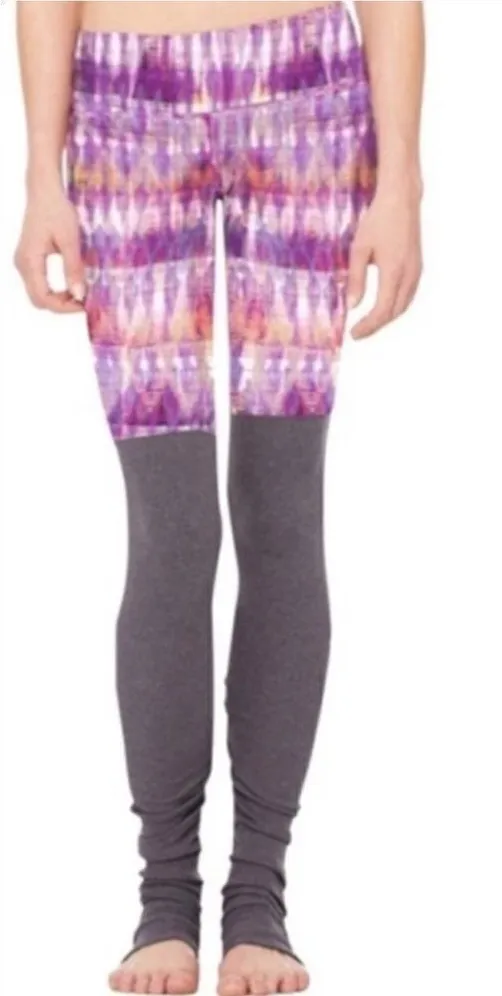 EUC Alo Yoga Goddess Leggings - watercolor Bhakti printed upper and ribbed grey bottoms. Goddess leg... Show more
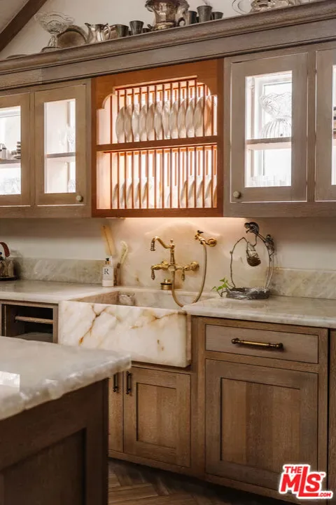 A rare compound with three homes set across one expansive lot, currently configured as four distinct living spaces, offering flexibility, privacy, and layered architectural character. This curated property spans multiple residences, each with its own distinct identity while remaining connected through a shared sense of character. From the reimagined 1901 Craftsman to the restored 1918 main home and guest residences, the property offers a layered experience designed to support a range of lifestyles. Ideally located in Ocean Park just moments from the beach and Main Street. 2116 | The 1901 Cottage Craftsman has been carefully reworked, blending historic character with refined, design-forward living. A double-height living room with vaulted ceilings, skylights, and hand-stained beams creates a dramatic sense of volume, while original brick, leaded glass windows, and white oak flooring ground the space. The kitchen showcases exceptional craftsmanship with Cristallo quartzite countertops, a backlit island, custom Amish-built cabinetry, and a La Cornue range with Thermador appliances. A spiral staircase connects to a loft above, and a lower level featuring a secondary living area, wine bar with 250-bottle storage, and a flexible studio with kitchenette and bath. 2116 1/2 | The 1916 Craftsman back house offers a more intimate, character rich living environment. Original hardwood floors, wainscoting, a stone fireplace, and a vaulted beam ceiling define the living space, while a cottage-style kitchen opens to outdoor entertaining. Two bedrooms and one bath, including a clawfoot tub, are complemented by a 500 sq ft basement bonus space. Privately positioned, it works well for guest use or rental income. 2118 | The 1923 residence introduces a more expressive, globally influenced design. Moroccan plaster, custom ironwork, and curated finishes define the interiors, anchored by a gas fireplace and white oak and marble flooring. The kitchen features Fantasy quartzite, Samsung appliances, wine storage, and hidden detailing. Two bedrooms and 2.5 baths are thoughtfully arranged across levels, with the lower level offering additional lounge space and a custom powder room with unique design elements. 2118 1/2 | A fully independent residence below 2118, offering a bright, open layout with wood beam ceilings, a Carrara marble fireplace, and lime-washed brick accents. The kitchen features butcher block counters, a farmhouse sink, vintage appliances, and a retro refrigerator. With its own entrance, this unit is ideal for guests, rental income, or a private workspace. The landscaped grounds feature mature trees and layered plantings, including olive, citrus, fig, pomegranate, and mulberry. Grape vines and flowering gardens create a lush setting, while multiple outdoor entertaining areas and a DG/turf driveway provide both function and charm. Original outbuildings once horse stables remain on the property, along with a preserved French equestrian plaque, offering a subtle but meaningful connection to its past. Ideally located in the heart of Ocean Park, just moments from the beach and along the vibrant Main Street corridor, the property is surrounded by some of Santa Monica’s most sought-after dining, cafes, and neighborhood favorites. From locally loved staples like Holy Guacamole to standout destinations such as Kobe’s and Pasjoli, the area offers a dynamic and evolving culinary scene, including Michelin-recognized dining nearby. Everyday living is equally effortless, with the beloved Main Street Farmers Market, trending spots like Main Squeeze, and convenient access to neighborhood markets including Trader Joe’s, Whole Foods Market, and Co+opportunity Market known for its organic and locally sourced offerings all just minutes away.
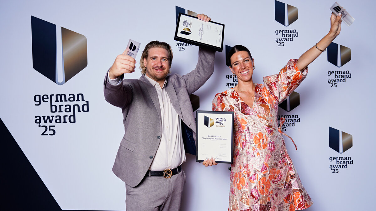 Dabei hilft sicher auch der Erfolg beim German Brand Award 2025, bei dem das Duo gleich doppelt ausgezeichnet wurde: mit dem Winner-Titel Newcomer Brand of the Year und Corporate Service. Die Begründung der Jury: KARTONizza zeige, „wie wirkungsvoll Markenkommunikation im Alltag verankert werden kann.“ Das Projekt kombiniere kreative Ansprache mit messbarer Reichweite und mache Offline-Werbung datenbasiert analysierbar. Für die Gründer ein Meilenstein: „Ein solcher Award stärkt einem den Rücken, vor allem wenn man mit größeren Kunden spricht. Er trägt nach außen, dass wir nicht nur irgendein Startup mit einer netten Idee sind, sondern dass bei uns mehr dahintersteckt – etwas, das preisverdächtig ist.“

## GOAL OF THE EXERCISE
Everything in the listing above is to be given again exactly, apart from the pictures.

## ANSWER SPACE
 EUC Alo Yoga Goddess Leggings - watercolor Bhakti printed upper and ribbed grey bottoms. Goddess leg... Show more
 A rare compound with three homes set across one expansive lot, currently configured as four distinct living spaces, offering flexibility, privacy, and layered architectural character. This curated property spans multiple residences, each with its own distinct identity while remaining connected through a shared sense of character. From the reimagined 1901 Craftsman to the restored 1918 main home and guest residences, the property offers a layered experience designed to support a range of lifestyles. Ideally located in Ocean Park just moments from the beach and Main Street. 2116 | The 1901 Cottage Craftsman has been carefully reworked, blending historic character with refined, design-forward living. A double-height living room with vaulted ceilings, skylights, and hand-stained beams creates a dramatic sense of volume, while original brick, leaded glass windows, and white oak flooring ground the space. The kitchen showcases exceptional craftsmanship with Cristallo quartzite countertops, a backlit island, custom Amish-built cabinetry, and a La Cornue range with Thermador appliances. A spiral staircase connects to a loft above, and a lower level featuring a secondary living area, wine bar with 250-bottle storage, and a flexible studio with kitchenette and bath. 2116 1/2 | The 1916 Craftsman back house offers a more intimate, character rich living environment. Original hardwood floors, wainscoting, a stone fireplace, and a vaulted beam ceiling define the living space, while a cottage-style kitchen opens to outdoor entertaining. Two bedrooms and one bath, including a clawfoot tub, are complemented by a 500 sq ft basement bonus space. Privately positioned, it works well for guest use or rental income. 2118 | The 1923 residence introduces a more expressive, globally influenced design. Moroccan plaster, custom ironwork, and curated finishes define the interiors, anchored by a gas fireplace and white oak and marble flooring. The kitchen features Fantasy quartzite, Samsung appliances, wine storage, and hidden detailing. Two bedrooms and 2.5 baths are thoughtfully arranged across levels, with the lower level offering additional lounge space and a custom powder room with unique design elements. 2118 1/2 | A fully independent residence below 2118, offering a bright, open layout with wood beam ceilings, a Carrara marble fireplace, and lime-washed brick accents. The kitchen features butcher block counters, a farmhouse sink, vintage appliances, and a retro refrigerator. With its own entrance, this unit is ideal for guests, rental income, or a private workspace. The landscaped grounds feature mature trees and layered plantings, including olive, citrus, fig, pomegranate, and mulberry. Grape vines and flowering gardens create a lush setting, while multiple outdoor entertaining areas and a DG/turf driveway provide both function and charm. Original outbuildings once horse stables remain on the property, along with a preserved French equestrian plaque, offering a subtle but meaningful connection to its past. Ideally located in the heart of Ocean Park, just moments from the beach and along the vibrant Main Street corridor, the property is surrounded by some of Santa Monica’s most sought-after dining, cafes, and neighborhood favorites. From locally loved staples like Holy Guacamole to standout destinations such as Kobe’s and Pasjoli, the area offers a dynamic and evolving culinary scene, including Michelin-recognized dining nearby. Everyday living is equally effortless, with the beloved Main Street Farmers Market, trending spots like Main Squeeze, and convenient access to neighborhood markets including Trader Joe’s, Whole Foods Market, and Co+opportunity Market known for its organic and locally sourced offerings all just minutes away.
 Dabei hilft sicher auch der Erfolg beim German Brand Award 2025, bei dem das Duo gleich doppelt ausgezeichnet wurde: mit dem Winner-Titel Newcomer Brand of the Year und Corporate Service. Die Begründung der Jury: KARTONizza zeige, „wie wirkungsvoll Markenkommunikation im Alltag verankert werden kann.“ Das Projekt kombiniere kreative Ansprache mit messbarer Reichweite und mache Offline-Werbung datenbasiert analysierbar. Für die Gründer ein Meilenstein: „Ein solcher Award stärkt einem den Rücken, vor allem wenn man mit größeren Kunden spricht. Er trägt nach außen, dass wir nicht nur irgendein Startup mit einer netten Idee sind, sondern dass bei uns mehr dahintersteckt – etwas, das preisverdächtig ist.“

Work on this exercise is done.